◆ What needs to be done: Your answer must consist of the records below, reproduced exactly, with every picture removed.

◆ Records for this task:
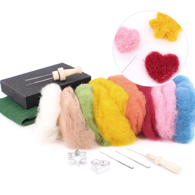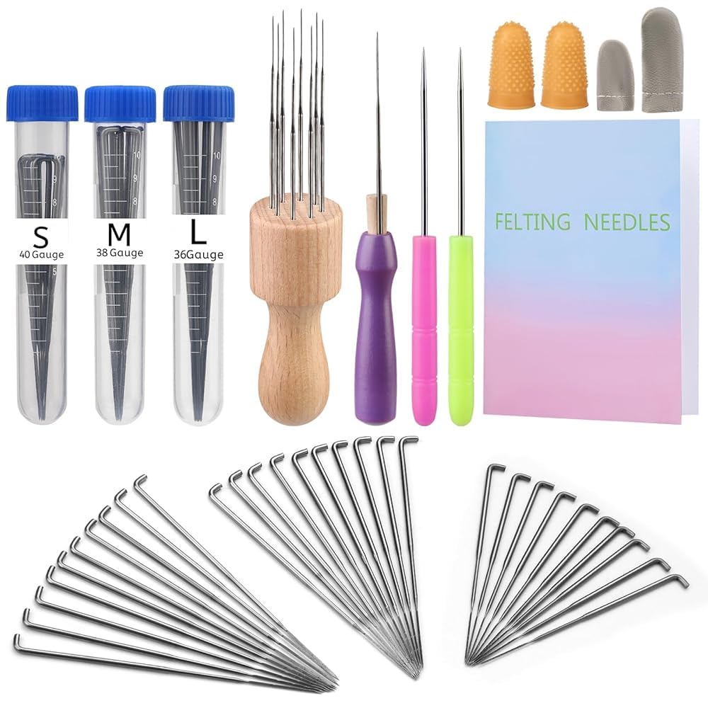 Perfekt für alle, die mit Nadelfilzen starten wollen! Dieses komplette Set enthält alles was du brauchst: eine robuste Filzmatte (15,5x12,5cm), eine hochwertige Filznadel und einen ergonomischen Filznadelhalter. Die Matte schützt deine Tischplatte und die Filznadeln. Der Nadelhalter liegt super in der Hand und macht das Filzen viel angenehmer. Ideal für kleine Figuren, Dekorationen oder kreative Geschenke. Einfach die Filzwolle nehmen, auf die Matte legen und mit der Nadel bearbeiten - schon entstehen die schönsten Kreationen! Auch für erfahrene Filzer super als Ergänzung. Achte darauf, nicht direkt auf harten Oberflächen zu filzen, damit die Nadeln nicht brechen. Tauche ein in die faszinierende Welt des Filzens und erschaffe einzigartige Handarbeiten!
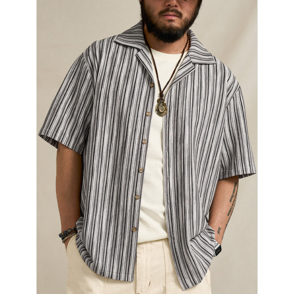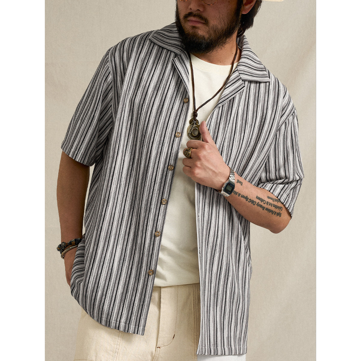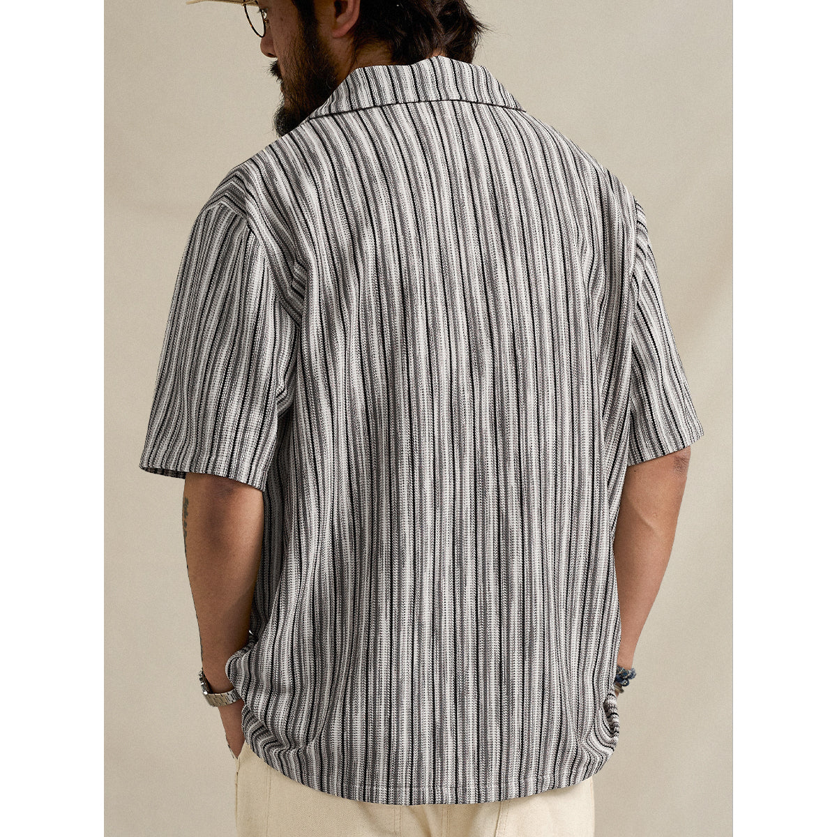 マルチストライプ柄をジャカード織りで表現した、奥行きのある表情が魅力のキューバカラー半袖シャツ。繊細な織りによって生まれる立体的なストライプが、シンプルな中にも上品な存在感を演出し、クラシックとモダンが融合した一着に仕上げました。襟元はリラックス感のあるキューバカラー仕様で、程よく抜け感のある大人のサマースタイルを演出。軽やかな半袖デザインとゆとりのあるシルエットが、暑い季節でも快適な着心地を実現します。一枚で着るだけでスタイリングが決まり、デニムやチノパン、ショーツとも相性抜群。リゾートからタウンユースまで幅広く活躍する、汎用性の高いデザインシャツです。
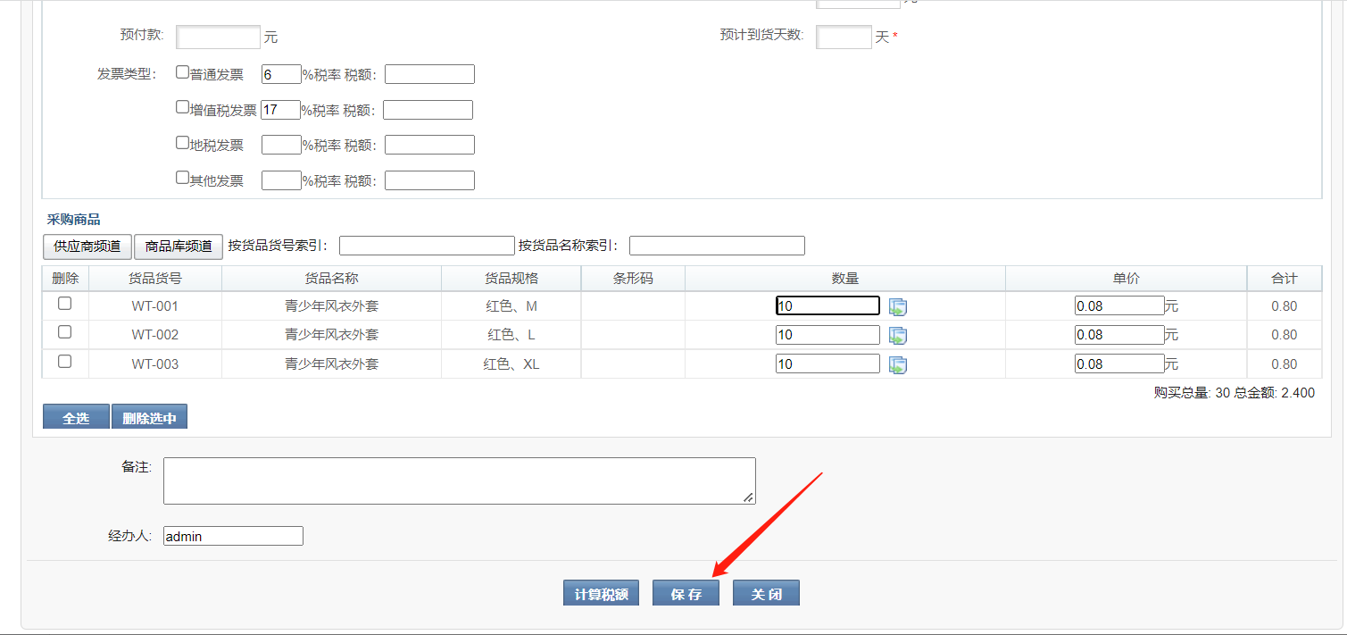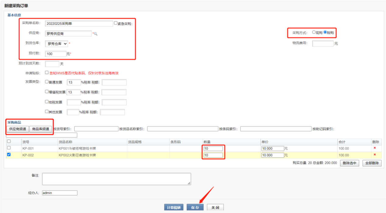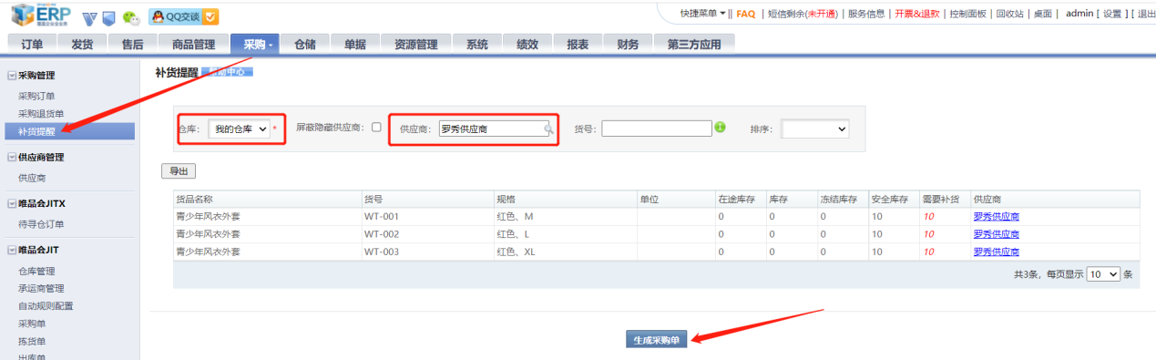 选择仓库和供应商,点击生成采购单,一键生成采购单,并点击保存,如下图:
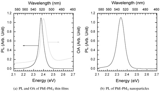 For the 2DOIPs that present a characteristic absorption peak related to the 2D arrangement, some of them may have very efficient luminescence (such as the (CHCHNHPbBr in ref [20]), but some of them does not have luminescence (such as the (CHNHPbBr in ref [20]). Photoluminescence (PL) spectrum gives a direct characterization of the luminescence ability of the 2DOIPs. Figure 7 shows the PL spectra of a 50-nm-thick PhE-PbI thin films (a), and of PhE-PbI nanoparticles (b) measured at room temperature. The PL was excited with the 325 nm line of a HeCd laser, was collected by an optical lens and was coupled into a spectrometer. Figure 8 shows pictures of the photoluminescence of a thin film and of nanoparticles. The PL of the PhE-PbI thin film consists in a bright green light centered at 2.375 eV ( = 522 nm ). The full width at half maximum (FWHM) of the PhE-PbI thin film is 51 meV, which is much narrower than that of some luminescent organic polymers and laser dyes. OA spectrum of the PhE-PbI film is also shown in Figure 7(a) in gray for comparison. Stokes shift is defined as the energy difference between absorption and PL maxima. The Stokes shift in 2DOIPs is usually very small, it is only 24 meV in PhE-PbI thin film.
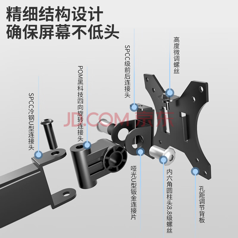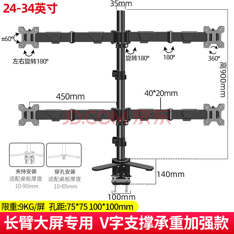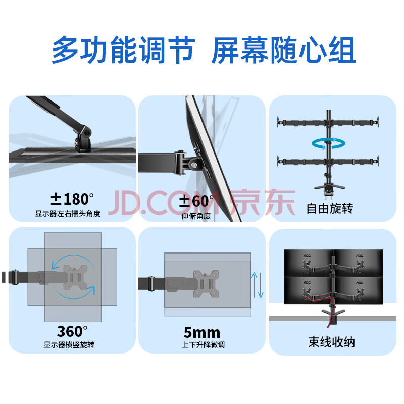 商品相册:旺琪上下/左右四屏显示器支架多屏组合桌面增高架横/竖屏旋转伸缩机械臂24-34英寸炒股监控第
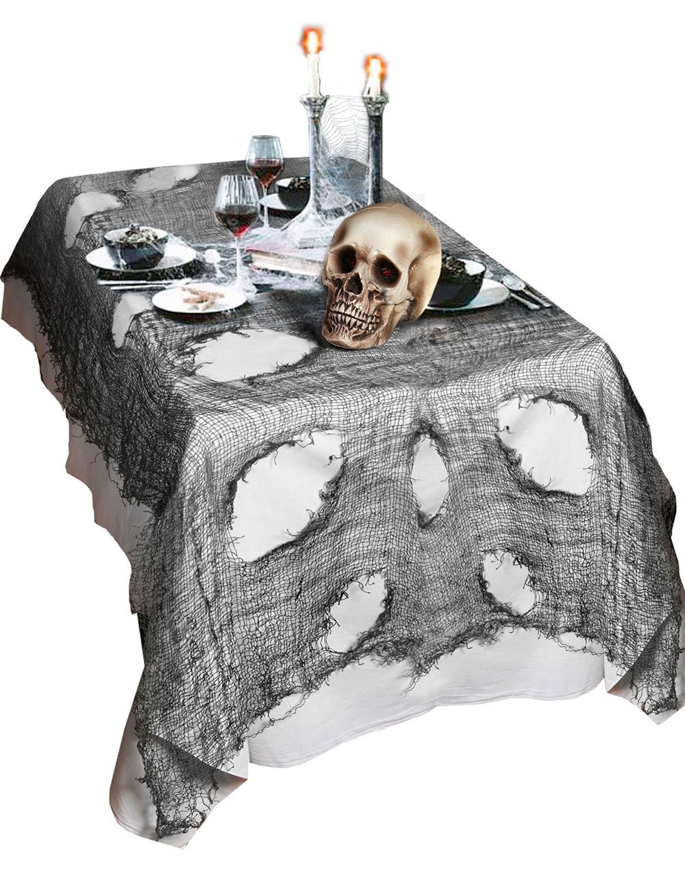 Skummel Dekorasjon til Halloween - Grå Netting 75x180 cm

◆ Response area:
 Perfekt für alle, die mit Nadelfilzen starten wollen! Dieses komplette Set enthält alles was du brauchst: eine robuste Filzmatte (15,5x12,5cm), eine hochwertige Filznadel und einen ergonomischen Filznadelhalter. Die Matte schützt deine Tischplatte und die Filznadeln. Der Nadelhalter liegt super in der Hand und macht das Filzen viel angenehmer. Ideal für kleine Figuren, Dekorationen oder kreative Geschenke. Einfach die Filzwolle nehmen, auf die Matte legen und mit der Nadel bearbeiten - schon entstehen die schönsten Kreationen! Auch für erfahrene Filzer super als Ergänzung. Achte darauf, nicht direkt auf harten Oberflächen zu filzen, damit die Nadeln nicht brechen. Tauche ein in die faszinierende Welt des Filzens und erschaffe einzigartige Handarbeiten!
 マルチストライプ柄をジャカード織りで表現した、奥行きのある表情が魅力のキューバカラー半袖シャツ。繊細な織りによって生まれる立体的なストライプが、シンプルな中にも上品な存在感を演出し、クラシックとモダンが融合した一着に仕上げました。襟元はリラックス感のあるキューバカラー仕様で、程よく抜け感のある大人のサマースタイルを演出。軽やかな半袖デザインとゆとりのあるシルエットが、暑い季節でも快適な着心地を実現します。一枚で着るだけでスタイリングが決まり、デニムやチノパン、ショーツとも相性抜群。リゾートからタウンユースまで幅広く活躍する、汎用性の高いデザインシャツです。
 选择仓库和供应商,点击生成采购单,一键生成采购单,并点击保存,如下图:
 For the 2DOIPs that present a characteristic absorption peak related to the 2D arrangement, some of them may have very efficient luminescence (such as the (CHCHNHPbBr in ref [20]), but some of them does not have luminescence (such as the (CHNHPbBr in ref [20]). Photoluminescence (PL) spectrum gives a direct characterization of the luminescence ability of the 2DOIPs. Figure 7 shows the PL spectra of a 50-nm-thick PhE-PbI thin films (a), and of PhE-PbI nanoparticles (b) measured at room temperature. The PL was excited with the 325 nm line of a HeCd laser, was collected by an optical lens and was coupled into a spectrometer. Figure 8 shows pictures of the photoluminescence of a thin film and of nanoparticles. The PL of the PhE-PbI thin film consists in a bright green light centered at 2.375 eV ( = 522 nm ). The full width at half maximum (FWHM) of the PhE-PbI thin film is 51 meV, which is much narrower than that of some luminescent organic polymers and laser dyes. OA spectrum of the PhE-PbI film is also shown in Figure 7(a) in gray for comparison. Stokes shift is defined as the energy difference between absorption and PL maxima. The Stokes shift in 2DOIPs is usually very small, it is only 24 meV in PhE-PbI thin film.
 商品相册:旺琪上下/左右四屏显示器支架多屏组合桌面增高架横/竖屏旋转伸缩机械臂24-34英寸炒股监控第
 Skummel Dekorasjon til Halloween - Grå Netting 75x180 cm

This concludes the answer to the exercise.